可是在作者的笔下,王熙凤又是一个一向只对人不对事的人,所以当贾蓉进来借玻璃炕屏时又是另一种形貌。一个是“轻裘宝带,美服华冠”的贵族公子,一个是坐立不安、躲藏无处的贫穷村妇。一个是为了借,一个是为了请求经济上的帮助。两个人都有求于凤姐,但由于身份、亲疏关系的差异,凤姐的对代也就不同。将刘姥姥与贾蓉放在同一回里,这样的穿插对比就让我们初探了凤姐人物性格的复杂面貌。
(二)对宝玉、黛玉、宝钗、探春与妙玉等的人物形象塑造
刘姥姥二访贾府是在元妃省亲之后,从三十九回至四十二回,这时大观园早已落成。刘姥姥此次造访贾府可以说是致谢之意,带了当令的瓜果野蔬回礼,一方面是知恩图报的善良天性,一方面却正是发展人际交往的最好方式。比起第一次进荣国府,刘姥姥解除了乞讨的外衣,理直气壮多了,也拉近了与贾府之间的距离,得到了贾母的接见。这一次,她更有机会深入贾府,对于小说中重要人物:宝玉、黛玉、宝钗等的接触也更多了。
宝玉之痴情与阴柔
贾宝玉有一性格特点——痴情,这在刘姥姥二进荣国的情节中有充分的体现。刘姥姥本想哄贾府中人开心,于是信口开河的编了一个小女孩雪中抽柴的故事,这样一个没头没尾胡诌的故事,宝玉却当真了,偏去寻根就底。这便使得他性格中痴情的部分更加的鲜明。

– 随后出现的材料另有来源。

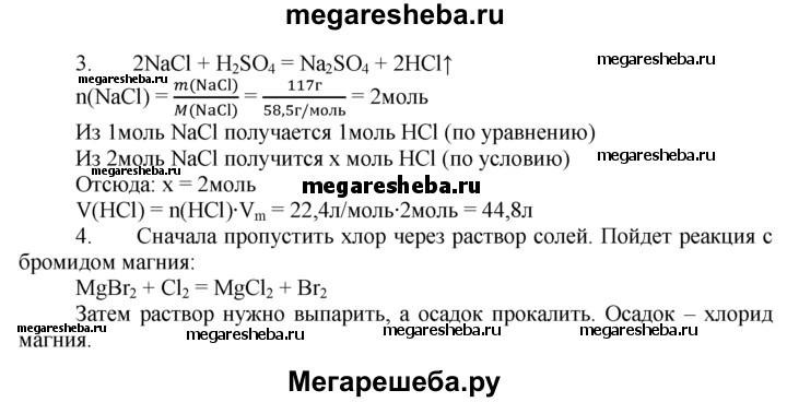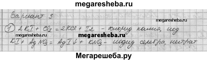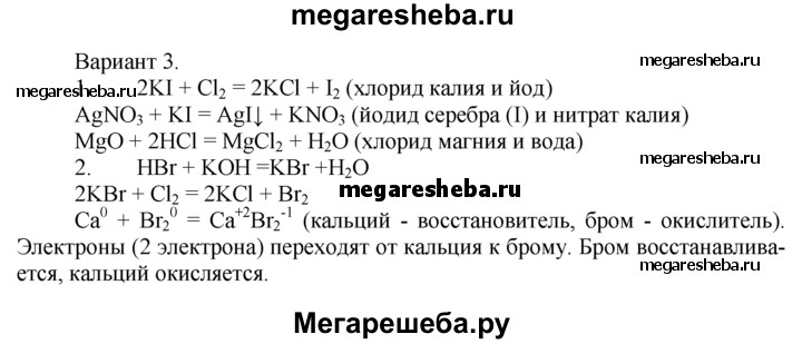 Вариант 3 1. Между какими из перечисленных веществ возможны химические реакции: иодид калия, хлор, соляная кислота, нитрат серебра? Напишите уравнения осуществимых реакций и назовите образующиеся вещества. 2. Напишите уравнения реакций, с помощью которых можно осуществить следующие превращения: НВr 1—> КВr 2—> Вr2 3 —> СаВr2 Реакцию 3 разберите как окислительно-восстановительную: обозначьте степени окисления атомов, стрелкой укажите переход электронов, а также окислитель и восстановитель. 3. Рассчитайте объем хлороводорода (н. у.), полученного при взаимодействии 117 г хлорида натрия с концентрированной серной кислотой. 4. Как освободить хлорид магния от примеси бромида магния? Опишите ход опыта и составьте необходимое уравнение реакции.

宝玉认为女儿是好的——“女儿是水作的骨肉,男人是泥作的骨肉,我见了女儿,我便清爽;见了男子,便觉浊臭逼人”。在他性格中这样的特点,其实就是他“女尊男卑”思想的真实反映,而刘姥姥“醉卧怡红院”一段恰将宝玉卧室富于女性化这一特点侧面描绘出来,引出了宝玉性格中阴柔的特点,缺乏阳刚之气。“这是那位小姐的绣房,这样精致?我就像到了天宫里的一样。”当刘姥姥因醉酒迷路,误入了贾宝玉所住的怡红院后,她酒醒后便这样问道。
再者,刘姥姥之所以会醉卧怡红院也经过了一番深有意味的曲折。首先她是在“眼花头眩”迷路的情况下,误撞进怡红院的;穿过了“月”洞门,横渡一带碧浏清“水”,后来看见“镜”里亲家母戴了满头的“花”,把此合将起来不就正是“镜花水月”!曹雪芹于此也藉刘姥姥一角点出了世人无可抛却的执着之意!
黛玉心窄好读书
刘姥姥与林黛玉的对比在曹雪芹的笔下显得尤为尖锐。一是春花娇美;一是黄杨老丑,黛玉所经营的是诗境的生活,而刘姥姥则必须为了生活下田工作、日晒雨淋。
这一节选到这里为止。